Jean de la Lune s’ennuie sur son astre mort et attrape la queue d’une comète pour
descendre sur Terre. Depuis, les enfants ne trouvent plus le sommeil. Deuxième
adaptation d’un best-seller de Tomi Ungerer, après les Trois Brigands, le long métrage
de Stephan Schesch restitue l’univers graphique du dessinateur alsacien : 2D, coloré,
luxuriant et naïf comme un douanier Rousseau, agrémenté de jolies trouvailles visuelles
et sonores.
Orifices. On pouvait s’inquiéter de voir un si court conte sur la différence étiré sur plus
d’une heure et demie. Il a fallu étoffer des personnages et inventer un méchant, le
Général Président hyperactif, mix du dictateur de Chaplin, d’Ubu et de Jacques Chirac,
prêt à tout pour conquérir l’espace et foutre l’envahisseur lunaire au cachot. Le film
s’écoule doucement sur les pas erratiques du petit alien égaré, rond et diaphane
jusqu’à en devenir transparent lorsque la lune perd ses quartiers.
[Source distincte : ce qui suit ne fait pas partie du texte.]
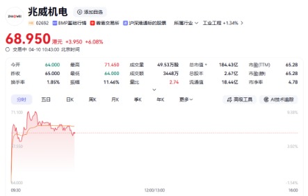 上证报中国证券网讯(李子健记者周亮)4月10日,兆威机电H股股价一度涨超9%,截至10时43分,公司股价上涨6.08%。

La même année - 1966 - que ce classique de la littérature jeunesse, Ungerer publiait
The Party, portraits féroces des soirées mondaines new-yorkaises, suivi, en 1969, du
scandaleux Fornicon, festival de corps féminins pénétrés par tous les orifices par
d’ingénieuses machines. Caricature de l’amour mécanisé ou exaltation du plaisir
solitaire, le livre lui valut d’être blacklisté de toutes les bibliothèques américaines. N’estce ce pas ce même illustrateur qui avait fait voler les tabous de la littérature enfantine,
choisissant comme héros un boa constrictor (Crictor), un vautour, une chauve-souris,
une pieuvre et autre aimable bestiaire ? En mettant des fillettes innocentes dans les
mains d’ogres sanguinaires et de brigands sans foi ni loi ?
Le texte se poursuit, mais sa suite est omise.